Brief: In the material below, find the line with "Printed Faux Rose" and the line with "Candeeiro de pé", then output both and every line between them exactly, omitting pictures.

Supplied data:
========================

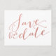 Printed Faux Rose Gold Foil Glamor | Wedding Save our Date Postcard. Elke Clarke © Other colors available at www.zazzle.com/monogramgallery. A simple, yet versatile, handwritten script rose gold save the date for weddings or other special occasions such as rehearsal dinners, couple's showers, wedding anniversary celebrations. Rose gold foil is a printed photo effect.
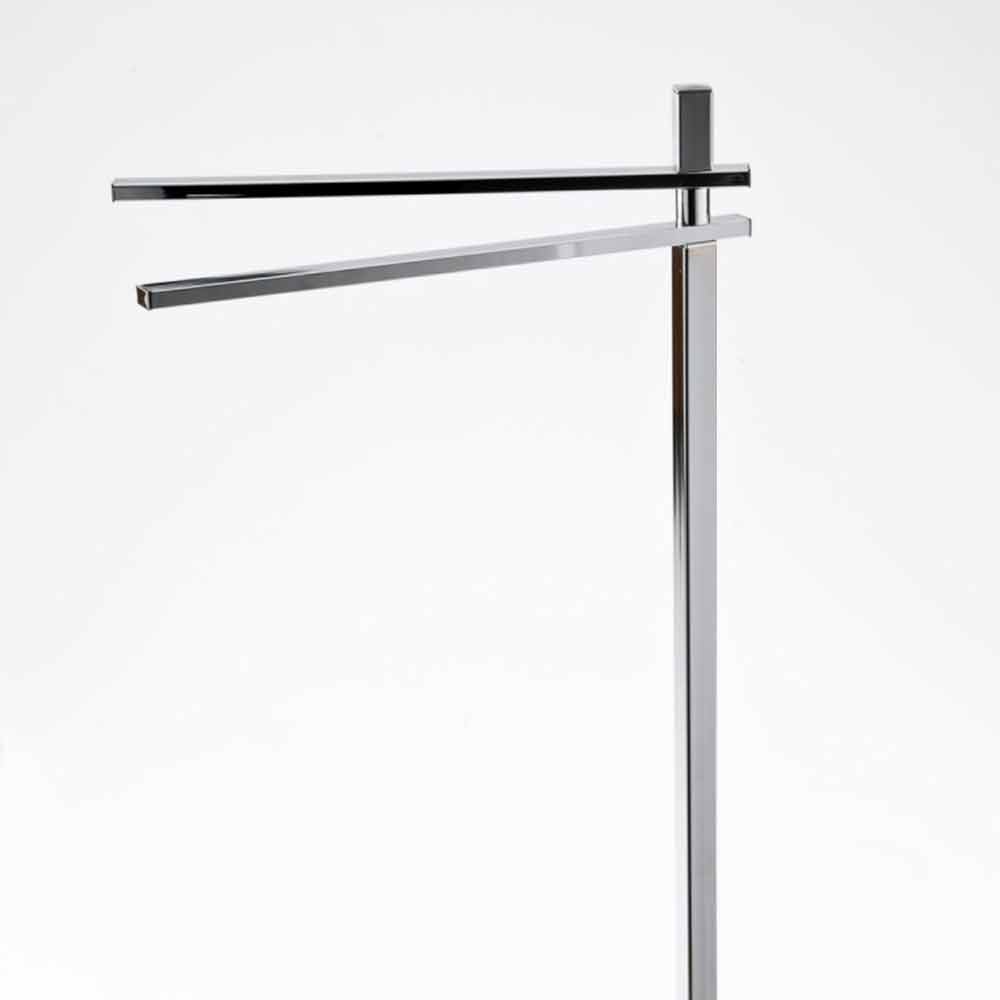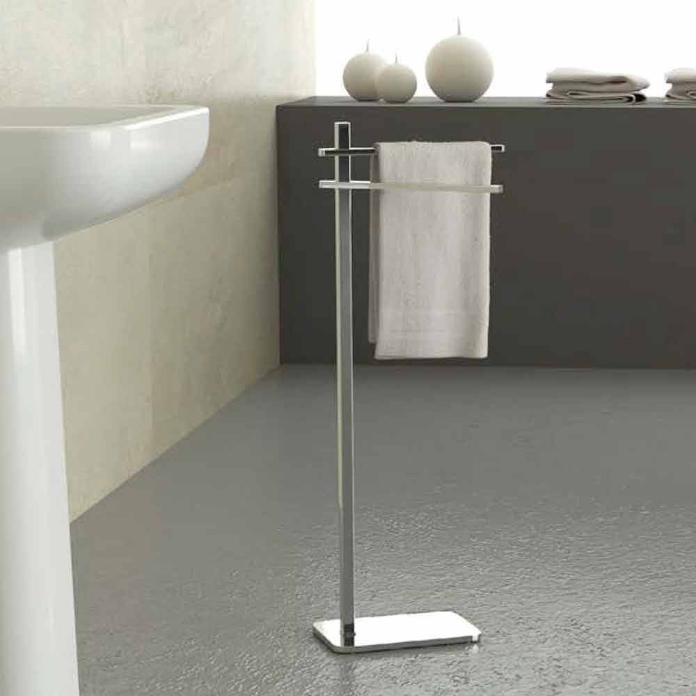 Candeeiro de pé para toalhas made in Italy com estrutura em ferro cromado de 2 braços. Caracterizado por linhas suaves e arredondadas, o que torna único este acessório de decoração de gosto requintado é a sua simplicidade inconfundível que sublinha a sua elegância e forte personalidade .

========================

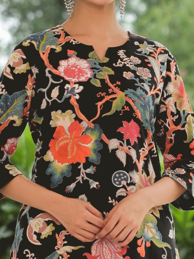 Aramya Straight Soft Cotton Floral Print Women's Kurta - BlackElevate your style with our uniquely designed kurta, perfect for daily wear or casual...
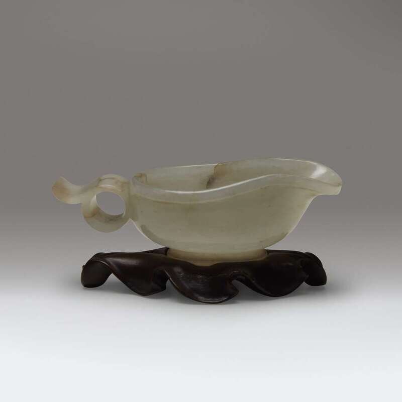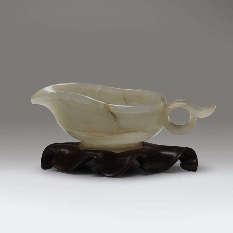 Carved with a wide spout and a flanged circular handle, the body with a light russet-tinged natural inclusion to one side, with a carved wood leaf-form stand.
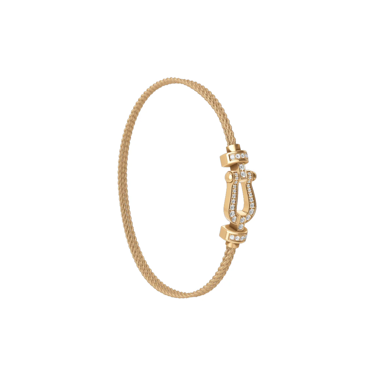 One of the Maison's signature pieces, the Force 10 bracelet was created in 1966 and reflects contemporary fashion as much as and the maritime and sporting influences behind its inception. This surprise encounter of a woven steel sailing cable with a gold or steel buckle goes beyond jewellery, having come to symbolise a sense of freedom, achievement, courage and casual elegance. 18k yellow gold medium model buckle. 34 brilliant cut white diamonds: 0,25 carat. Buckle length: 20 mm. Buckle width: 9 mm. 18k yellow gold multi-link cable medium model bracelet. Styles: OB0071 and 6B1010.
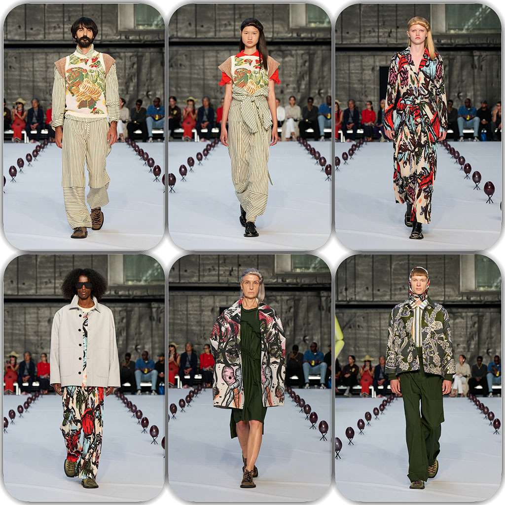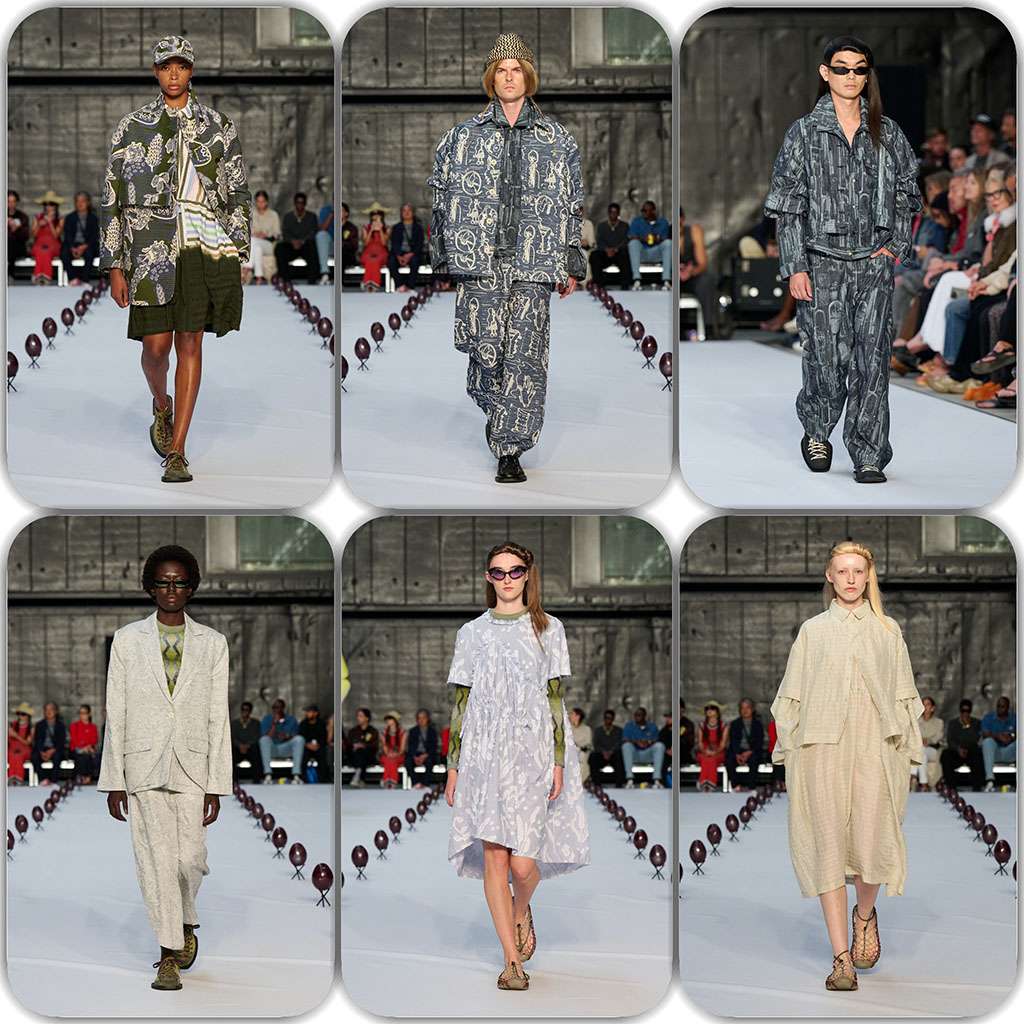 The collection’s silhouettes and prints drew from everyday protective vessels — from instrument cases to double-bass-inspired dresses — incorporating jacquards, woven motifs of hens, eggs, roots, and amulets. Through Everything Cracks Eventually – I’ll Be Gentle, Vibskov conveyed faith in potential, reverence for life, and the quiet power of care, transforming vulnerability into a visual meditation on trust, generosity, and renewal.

========================

Solution below:
 Printed Faux Rose Gold Foil Glamor | Wedding Save our Date Postcard. Elke Clarke © Other colors available at www.zazzle.com/monogramgallery. A simple, yet versatile, handwritten script rose gold save the date for weddings or other special occasions such as rehearsal dinners, couple's showers, wedding anniversary celebrations. Rose gold foil is a printed photo effect.
 Candeeiro de pé para toalhas made in Italy com estrutura em ferro cromado de 2 braços. Caracterizado por linhas suaves e arredondadas, o que torna único este acessório de decoração de gosto requintado é a sua simplicidade inconfundível que sublinha a sua elegância e forte personalidade .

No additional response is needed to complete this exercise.